This revisionist perspective suggests that what appeared to be a decline or retreat of the state actually paved the way for subsequent Qing reforms and restoration. To understand this complex process, it is important to move beyond a one-dimensional view of the crisis-ridden Jiaqing era and examine its dynamic links to both the preceding reign of Qianlong and the succeeding reign of Daoguang (r. 1820–1850). Each stage of this century-long evolution built upon the socio-political and institutional heritage of previous generations, while also influencing later ones. These cumulative changes had interconnected effects which shed new light on the complex set of conditions that defined the historical options available to different strategic actors. By studying this historically grounded process of state making, one can gain a better understanding of what different Qing monarchs were able to achieve and what limitations they faced.

To illustrate the gradual evolution of this process and its changing impact on political sustainability, I have identified two interdependent and mutually transformative stages: the “period of political dividend” and the “period of political debt.” The former denotes the optimal phase of state making, exemplified by the Qianlong reign, where a favorable combination of structural and conjunctural conditions maximizes the potential for sustainable political development. In contrast, the latter stage, represented by the Jiaqing reign, is far from ideal as its room for sustainable politics is extremely limited due to the unfavorable historical legacy left by previous rulers, worsening structural transformations, and/or a deteriorating geopolitical environment (Wang Reference Wang2014, pp. 8–9). To overcome this difficult period of empire building, it is necessary to restore the balance between state and society through top-down political reforms and/or bottom-up social protest, which can create conditions for a new period of political dividend. The mutual transformation between these two stages is an ongoing process that is influenced by a multitude of domestic and external factors; it often represents a crucial juncture that can directly impact the state-making process and its ability to sustain itself over time.
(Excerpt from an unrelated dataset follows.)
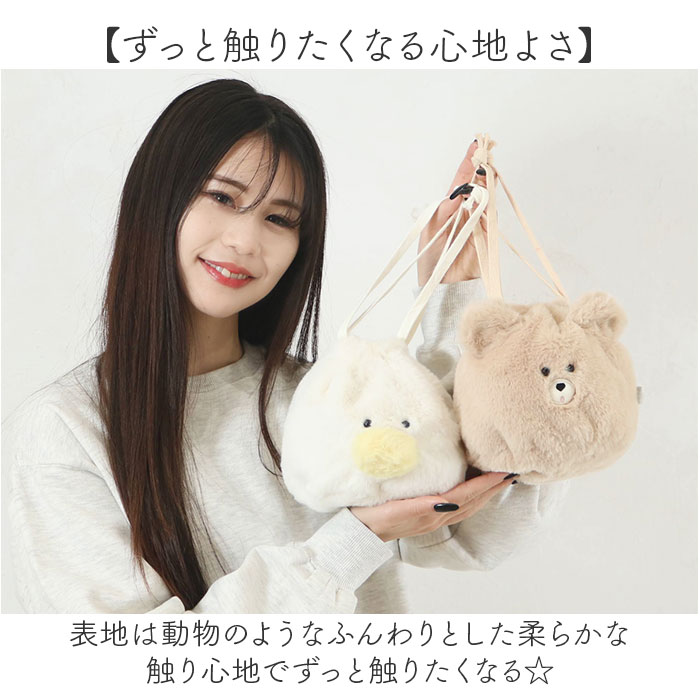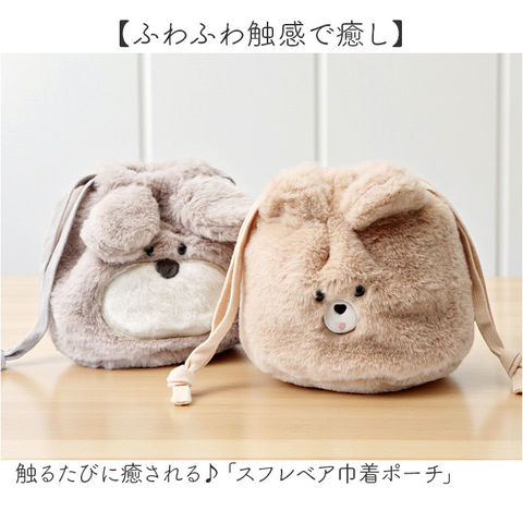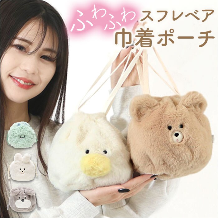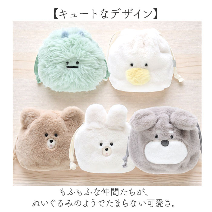 | 商品説明 | 【ふわふわ触感で癒し】触るたびに癒される♪「スフレベア巾着ポーチ」【使いやすいサイズ感】ポーチ代わりにはもちろん、ミニ財布やスマホなどを入れてちょうっとした外出にも◎【メイク用品や小物収納に】サイドの巾着紐をキュッと絞るだけで簡単開閉。内側にはオープンポケット×2。【ずっと触りたくなる心地よさ】表地は動物のようなふんわりとした柔らかな触り心地でずっと触りたくなる☆【キュートなデザイン】もふもふな仲間たちが、ぬいぐるみのようでたまらない可愛さ。 |

The Qianlong emperor was a capable and fortunate ruler throughout most of his 60-year reign. He inherited an impressive legacy of achievements from his Manchu predecessors, which he skillfully utilized to propel the dynasty to even greater heights of prosperity. For instance, Qianlong presided over the most affluent period in Qing history, thanks partly to the fiscal success of his grandfather Kangxi (r. 1662–1722) and father Yongzheng (r. 1722–1735) who had set the economy on an upward trajectory. Their effective administrative reform and institutional building further enabled Qianlong to establish a highly centralized bureaucratic state that not only enhanced imperial power over the officialdom but also strengthened state control over the society. These developments laid the groundwork for Qianlong's epochal conquest of Tibet, Xinjiang, and Mongolia, which became one of the biggest territorial expansions in world history (Wang Reference Wang2014, pp. 21–27).
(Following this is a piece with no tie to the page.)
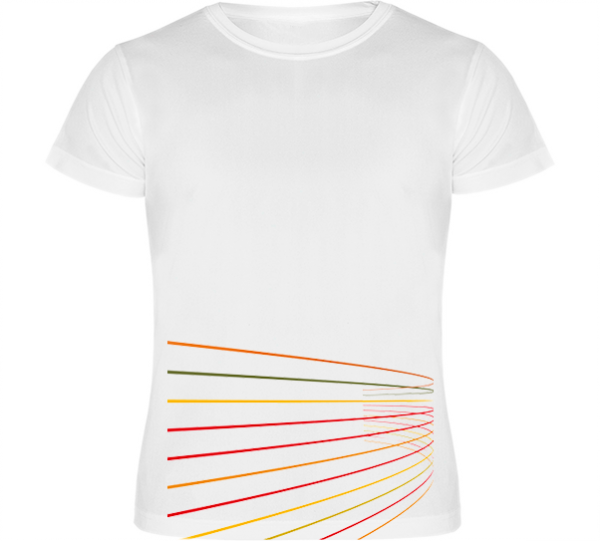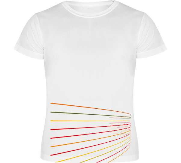 Impresión a una cara con rayas de colores en el faldón.

These remarkable successes in empire building, nonetheless, became increasingly unsustainable as many of them were achieved at the cost of overexploiting already strained state resources and antagonizing restive local communities.Footnote 4 As a result, the state's capacity to control the expanding society and its unresponsive officialdom began to wane in the late eighteenth century. During the last 20 years of his reign, probably due to a sense of urgency and pride, the aging Qianlong emperor became increasingly fixated on gaining short-term political gains and implementing his personal agenda. This self-indulgent change had significant negative consequences for Qing empire building as it not only increased the cost of political operations but also interfered with the state's ability to maintain a stable and balanced relationship with society. The best example is the emperor's steadfast patronage of the unscrupulous minister Heshen as well as their joint enrichment through the infamous practice of self-assessed “fines” as will be explained later. These dilemmas foreground a basic flaw at the heart of late Qianlong empire building, which is the vital problem of sustainability that could no longer be ignored by subsequent Qing rulers (Wang Reference Wang2014, pp. 21–22).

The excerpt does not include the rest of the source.